Selain bias gender dan nilai patriarki, apakah ada faktor lain yang mempengaruhi aparat penegak hukum dalam proses pengadilan yang justru memberatkan korban?

Aparat penegak hukum selalu berasumsi bahwa alasan terjadinya kejahatan seksual dikarenakan adanya rangsangan dari pihak perempuan. Perempuan dianggap jadi pemicu dalam peristiwa sehingga selalu diarahkan ke argumen “suka sama suka”. Banyak aparat yang juga sangat seksis. Padahal, seksis itu bias gender pada tingkat yang lebih dalam. Perempuan dianggap menggoda, menimbulkan gairah seksual, dan seharusnya pasif. Jika dia aktif, seperti keluar pada malam hari, pasti langsung dianggap tidak baik. Seringkali juga ada pasal-pasal syariah yang mengontrol perilaku perempuan. Misalnya di Banten pernah ada larangan keluar di atas jam 9 malam bagi perempuan.

Selain itu, perempuan juga dianggap lemah dan emosional sehingga omongannya tak dapat dipercaya. Pandangan dan pengalaman perempuan tidak dipercaya karena di masyarakat patriarkis, perempuan dianggap bukan sebagai objek penutur cerita. Jadi kembali lagi, kekerasan seksual yang dialami perempuan hanya dilihat dari perilakunya, bukan dari apa yang dialaminya.

Ada persepsi umum yang kuat di masyarakat kita kalau perempuan diam itu setuju. Padahal, tafsir setuju itu tafsir maskulin karena yang menafsirkan setuju atau tidaknya itu laki-laki. Kalau di Indonesia, perempuan diam bisa ditafsirkan sebagai kondisi ketakutan, kebingungan, pasif, lalu kemudian dianggap setuju.

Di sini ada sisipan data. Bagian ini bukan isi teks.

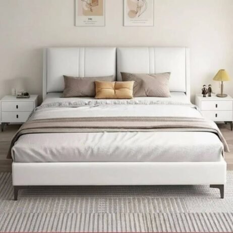 Lit moderne capitonné en tissu blanc, design épuré et lignes arrondies. Tête de lit matelassée et sommier intégré. Confortable et élégant, parfait pour une chambre contemporaine.
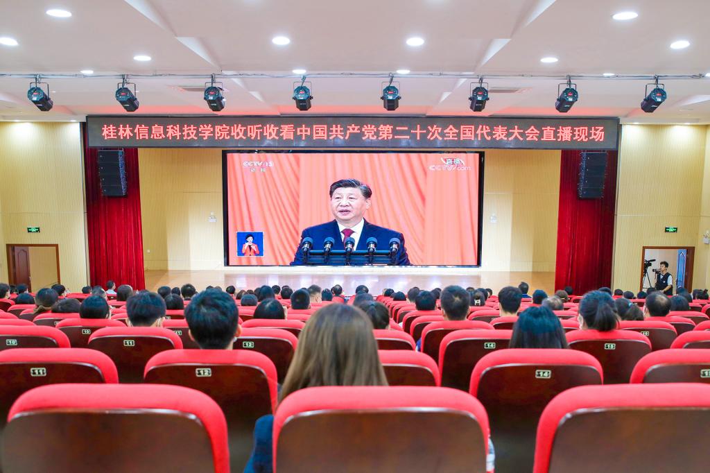 beat365官网在51206报告厅组织师生集中收听收看习近平总书记在中国共产党第二十次全国代表大会上的报告,喜迎盛会。学校党委书记甘勇,校长梁丁丁等全体校领导,全体中层干部、各级党组织书记、全体马克思主义学院教师、辅导员、师生党员代表齐聚一堂收听收看开幕会直播,认真聆听、学习习近平总书记的报告。
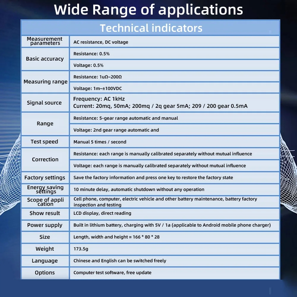 Basic accuracy: resistance 0.5%, voltage 0.5%
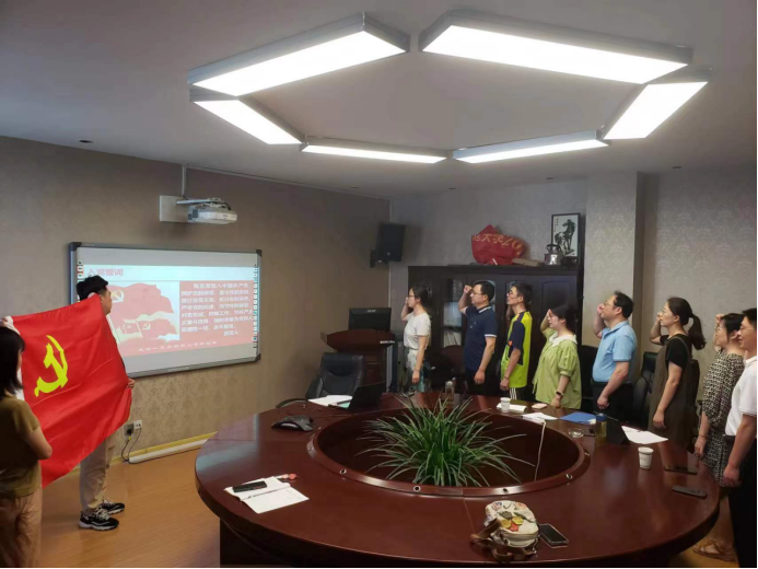 为了传承红色基因,追逐崭新未来。首先,支部教工党员集体观看了献礼影片,通过回顾党的光辉历程和波澜壮阔的百年征程,感悟革命先烈在艰苦卓绝的环境中奋勇拼搏、舍生忘死的伟大气节和崇高精神,坚定了支部教工党员永远跟党走的信念,让红色精神薪火相传。通过一曲《我宣誓》,支部教工党员重温入党初心。随后,支部教工党员高举右拳,面向鲜红的党旗,在领誓人支部宣传委员韩笑的带领下,重温入党誓词。支部教工党员情绪激扬,字字铿锵,在庄严的宣誓中,每位教工党员都接受了一次深刻的思想洗礼,理想信念更加坚定,进一步强化了对党忠诚、全心全意为人民服务的使命意识。
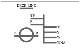 선박의 만재흘수선표시는 선박의 좌·우현 양쪽의 외판상에 표시를 하게 되는데 <보기>에 대한 설명으로 가장 옳은 것은?
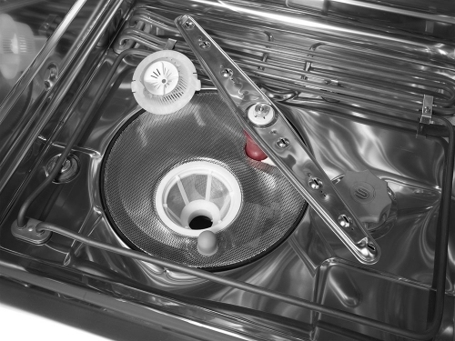 Благодаря особой конструкции цельнотянутого моечного бака с двойными стенками и закругленными углами по краям стенок устройства не скапливается грязь. Автоматическая система безопасности блокирует дверцу при запуске цикла, а система мытья с мягким стартом насоса не повредит посуду сильным напором воды.
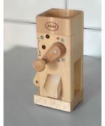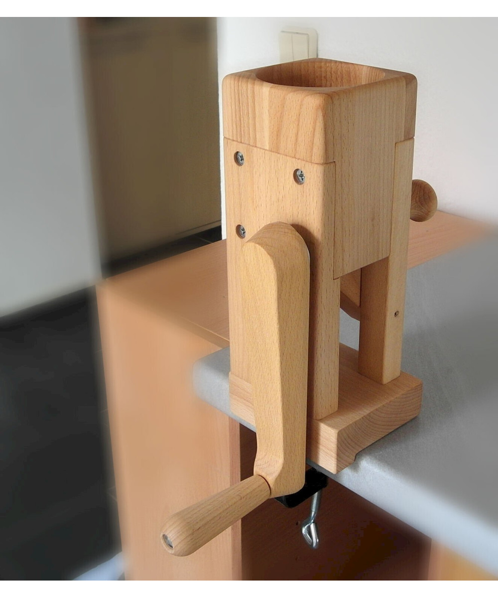 Das stabile Holzgehäuse aus massiver Buche, leicht geölt, beherbergt im Inneren zwei unverwüstliche Stahlwalzen. Die Feinheit der Flocke lässt sich durch den Verstellhebel minimal in drei Stufen (fein, mittel und grob) einstellen.
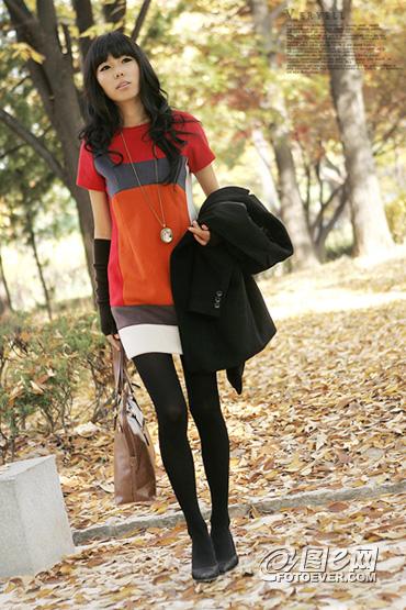 短袖針織衫拼接彩色的薄呢連衣裙是都市個性女人的首選單品,配合制服樣式的設(shè)計,透出活潑的個性女人魅力。

“Mengapa diam saja?” Mengapa tidak teriak?” “Mengapa tidak melawan?” Pertanyaan-pertanyaan seperti itu muncul dari alam berpikir laki-laki. Kontrol atas tafsir inilah yang menjadi persoalan. Ketika ini ditafsirkan oleh aparat penegak hukum, maka ia secara langsung akan menyudutkan perempuan dan itu tersistematisasi sebagai sistem hukum, misalnya KUHP.

Apakah ini yang membuat banyak korban enggan membawa kasusnya ke pengadilan?

Betul, mereka tidak mau membawa kasusnya ke ranah hukum karena masih ada stereotip. Istilahnya, korban itu jadi pesakitan. Mereka terkena intimidasi sistemik dan mendalam.

Dalam ilmu hukum sendiri, ada ilmu yang mempelajari tentang korban yakni viktimologi. Bagaimana viktimologi berperan dalam peradilan kasus kekerasan seksual?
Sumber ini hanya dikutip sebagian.